3 Big Data Challenges Your Business Will Face in 2017
One of the biggest challenges companies face is balancing competing demands, such as security versus accessibility, data management, and data mining. These problems are only compounded by the sheer amount of data businesses are collecting; we are collecting masses of data without clear understanding regarding how it is used to improve the bottom line and suffer impaired productivity trying to sort through it all. This isn’t the only problem companies face today. Here are the four Big Data challenges your business will face in 2017.
While computing power doubles about every eighteen months according to Moore’s Law, the amount of data we generate is increasing 40 to 60 percent per year, depending on the business. This is separate from the indexes used to try to track the files where the information is stored and backups of the backups demanded by various government regulations or contractual requirements.
Companies are considering “data lakes” that store masses of data in unstructured formats, but now the problem of finding and converting data to usable information becomes even bigger.
Making Use of Data
Data takes the form of raw numbers and entries. Information is what you have when data has meaning attached. Knowledge occurs when you can use information to your benefit and we are throwing so much data at knowledge workers they are struggling to make use of it. Businesses face the challenge of finding people who can mine big data to generate the information knowledge workers need to make good decisions at the time they need it. This is a problem foreseen by management guru Peter Drucker, but at a far greater scale than what he imagined.

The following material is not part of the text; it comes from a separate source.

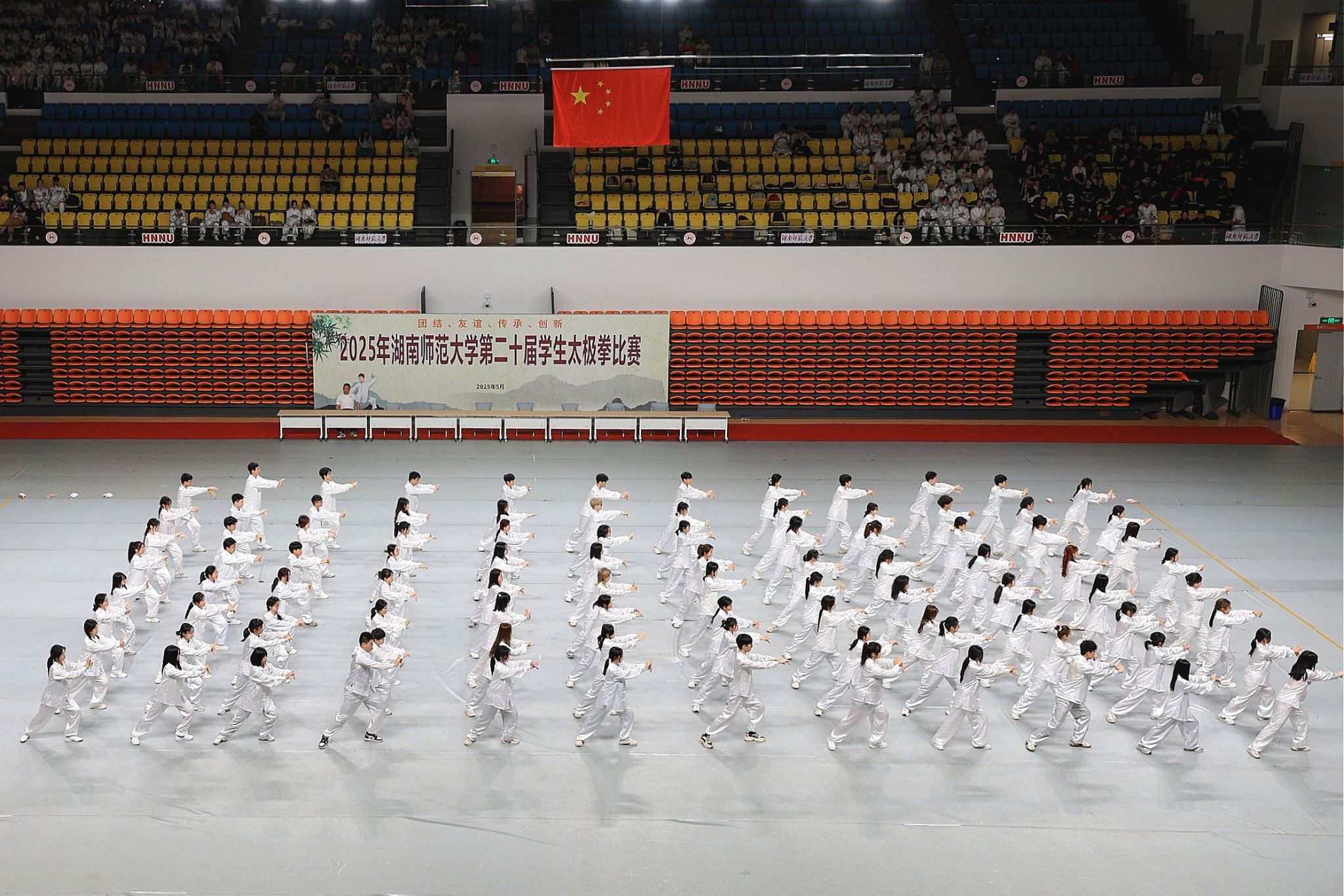 此次比赛分为团体赛和个人赛,其中个人赛分为男生组和女生组,每组三人。为保证比赛顺利进行,赛前队员们提早开始热身活动,在中和楼前集合排练。比赛开始,队伍迈着整齐的步伐跑上比赛场地,在评委席前列阵,同时喊出“千锤百炼,王者商院”的口号,展现出商学院学子饱满昂扬的精神状态。队员们快速变换队形,分为四个小方阵和一个簇拥着正中央舞者李美玉的大方阵,她身姿轻盈,为大家展示了一段柔美的古典舞。随着音乐的节奏,四个小方阵用手翻花摆出“HNNU”的造型。在队伍迅速恢复成大方阵后,全体成员在音乐中缓缓起势,举手投足间,虚实相生、开合有致。
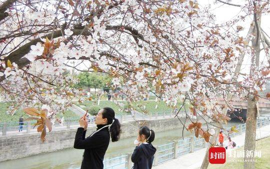 阳春三月,蓉城处处春花开。成都金沙滨河公园,沿河岸的10余株红叶李树花正开得如此烂漫。春光明媚的周日,这开得如云似霞的红叶李吸引了众多成都市民赏花踏春,人们在树下观赏着随风摇曳的花朵,掏出手机把迷人的春色带走。

This challenge is multiplied by the various locations where data resides and conflicting data formats. And that is why Big Data analytic experts are paid such high salaries. The democratization of predictive analytics could potentially reduce this problem, but that is still in the future for most business cases, since data is becoming both more complex and disparate.
Security is a major problem for big data companies. The cloud storage used to host the masses of data at a low cost per terabyte also gives many different people access. Even when the cloud server is relatively secure, backups and backups of backups to minimize disruption have to be protected and not always are. With the internet of things, security is often a distant third or fourth concern compared to data collection and sharing, though this information can be used against consumers.
Security can also be difficult when recovering lost data. Unfortunately, third-party data recovery services absolutely have to have access to crucial information when performing data recovery. This is why you should only work with SSAE 16 certified data recovery service such as Secure Data Recovery. You should also consult a secure data recovery expert from the start when setting up your databases.
Data storage has long been a problem for companies. Technology has kept up to date, but the internet of things and demands for 100% uptime make this a greater problem. Mining the massive, disparate, scattered and complex data sets to make use of it remains a serious challenge. This is in conjunction with the significant resources necessary to perform data mining. Securing data across many different platforms is an ongoing issue that is all too often neglected.